Avec Cinquième set, sorti trois jours après la victoire héroïque de Novak Djokovic sur Stefanos Tsitsipas aux Internationaux de France, Quentin Reynaud conjugue l’intime et le spectaculaire, en centrant son histoire sur le talent raté que tous soutiennent tant bien que mal : sa mère, à la fois aimante et critique, et sa femme, qui fait bonne figure pour ne pas briser les rêves de son époux. Le personnage de Thomas Edison est de tous les plans, filmé à toute les échelles et incarné jusqu’au bout de la raquette par un Alex Lutz époustouflant de justesse. S’il est doublé par un joueur professionnel pendant les scènes de matches, dans les gros plans, il se réapproprie à la perfection les tics et mimiques des tennismen les plus expressifs. Dans d’autres séquences, ses traits marqués sont ceux d’un personnage à vif, tragique à souhait, à qui l’acteur donne le meilleur de lui-même pour le rendre entier et vivant. Une performance comme il en existe peu dans le cinéma français.
Malheureusement, le film n’a que trop peu à offrir au-delà de la prouesse exceptionnelle qu’offre l’acteur principal. Le scénario n’introduit aucun enjeu qui entend rendre le sport «bigger than life», et se repose sur une simple histoire de gloire, de chute et de rédemption comme il en existe déjà des milliers. Celle-ci, autant le dire, ne figurera pas parmi les meilleurs, on la trouvera loin dans le classement, à l’image de son malheureux héros. La faute à un rythme qui ne se trouve jamais, à des personnages secondaires pourtant intéressants mais jamais approfondis – et, de fait, quasiment inexistants – et à des ficelles un peu trop grosses (l’ennemi dans le viseur d’Edison est une sortie de copie en négatif de l’ancien champion). Sans mentionner le curieux choix d’aguicher le spectateur d’entrée de jeu en lui donnant un aperçu de la scène finale, pour ne jamais en dévoiler le dénouement.

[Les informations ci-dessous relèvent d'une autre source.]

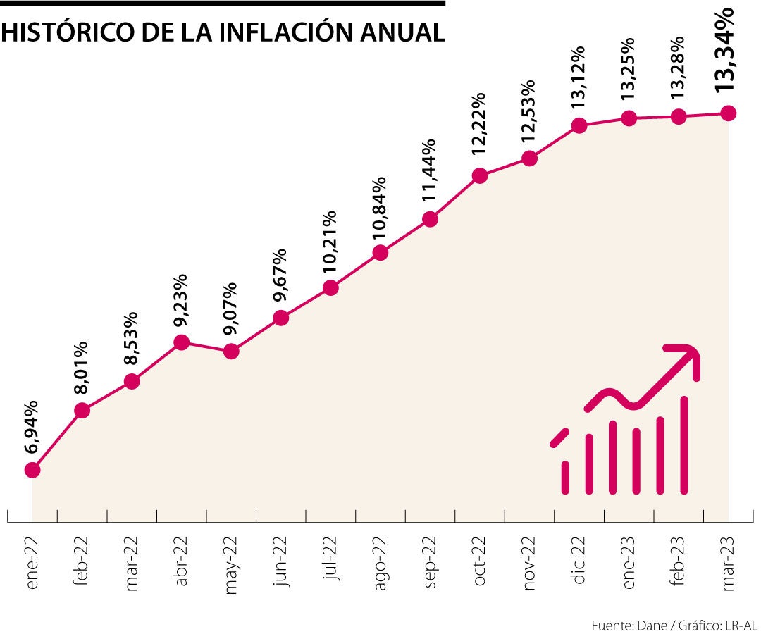 Todo sigue estando muy caro. Solo en marzo, en comparación con hace un año, los precios de la canasta básica familiar subieron 13,34%, más de lo que esperaba el mercado (13,27%) y marcando un nuevo máximo. De hecho, el de 2023 fue el marzo más caro desde 2007. Seguramente ha visto que hacer mercado es mucho más costoso, y es que los alimentos y las bebidas siguen siendo los que más impulsan la inflación, pues crecieron 21,81% en el último año y aportaron 4,05 puntos porcentuales al dato total.
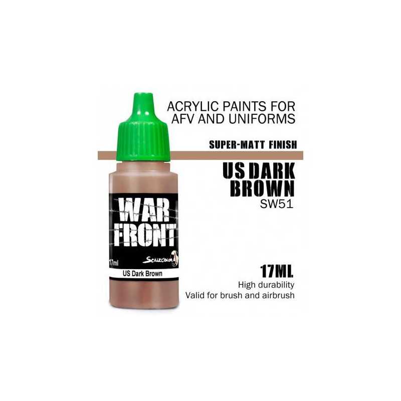 Seria WarFront od Scale 75 to kolory dopasowane do natury wojny - znajdziesz tu wszystko, czego będziesz potrzebować przy malowaniu wozów pancernych, samolotów czy też piechoty.  Brązowy kolor US Dark Brown podkreśli barwy butów oraz skórzanych akcesoriów.      Farba w buteleczce o pojemności 17 ml z zakraplaczem. Idealna zarówno do malowania pędzlem, jak i aerografem. Po wyschnięciu cechuje się matowym wykończeniem.    Modelarz radzi: jak z większością farb długie stanie, nawet w magazynie, może powodować separacje medium od pigmentu, dlatego też pamiętaj, by dobrze wstrząsnąć butelką przed użyciem.  jeśli chcesz przyśpieszyć etap mieszania, warto zaopatrzyć się w metalowe kulki i wrzucić je do buteleczki.  farba posłuży ci dłużej, jeśli użyjesz mokrej palety.
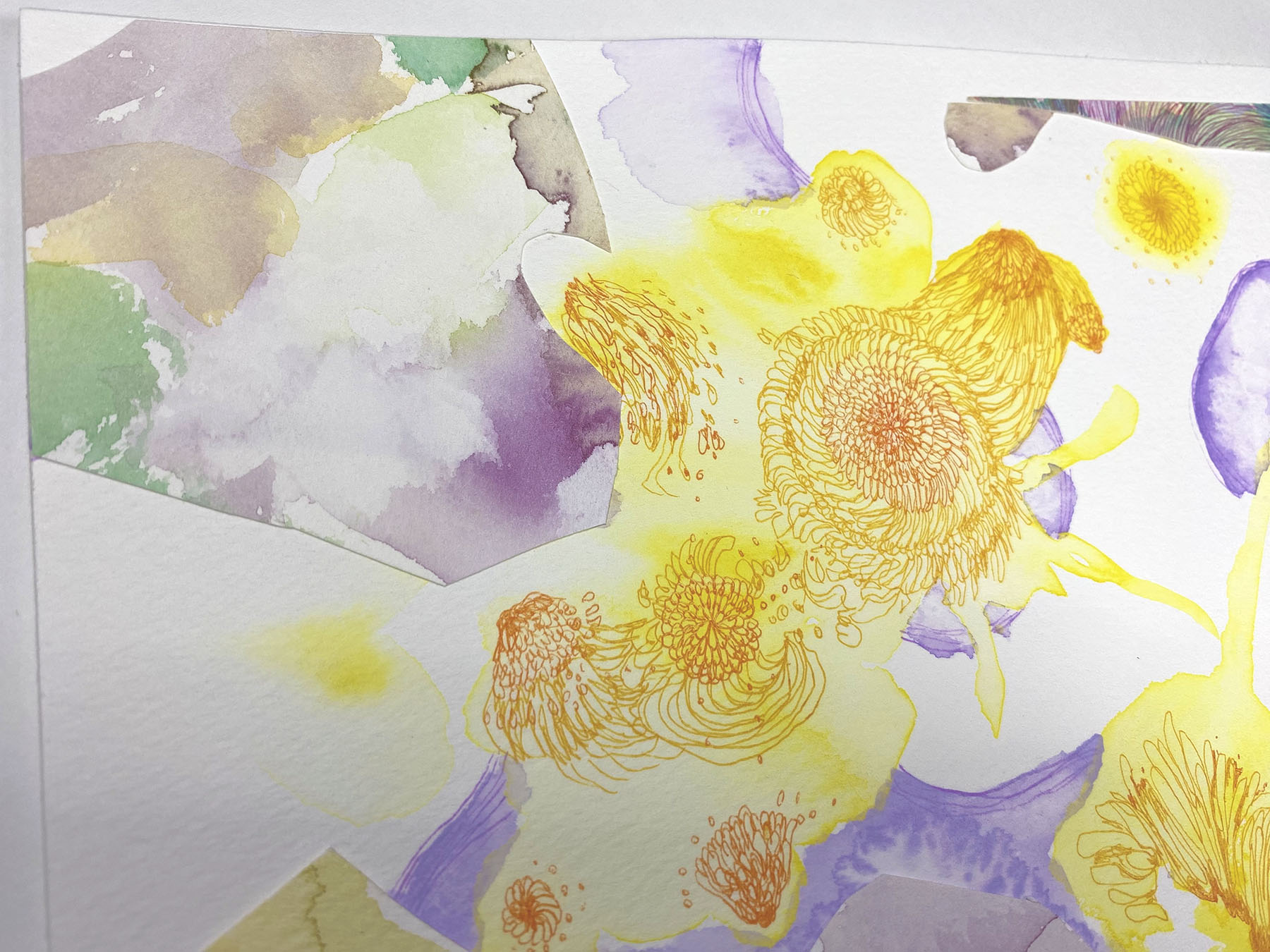 Unframed Original Art - Partly Cloudy, Partly Sunny [#SS22DW016] 2022, Paper collage, Pen & Watercolor
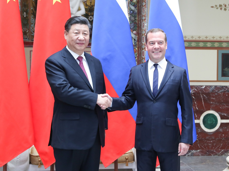 6月6日,國家主席習(xí)近平在莫斯科會見俄羅斯總理梅德韋杰夫。新華社記者 姚大偉 攝

Reste alors le côté spectaculaire du tennis, pour le coup brillamment mis en scène, et qui marque la première fois dans l’histoire que Roland-Garros accueille un tournage de cinéma. Dans la longue séquence finale, on est pendant vingt minutes avec les joueurs sur la terre battue, dans un climat de tension et avec une qualité artistique que le reste du film n’a que trop de peine à égaler, malgré une bonne intention manifeste.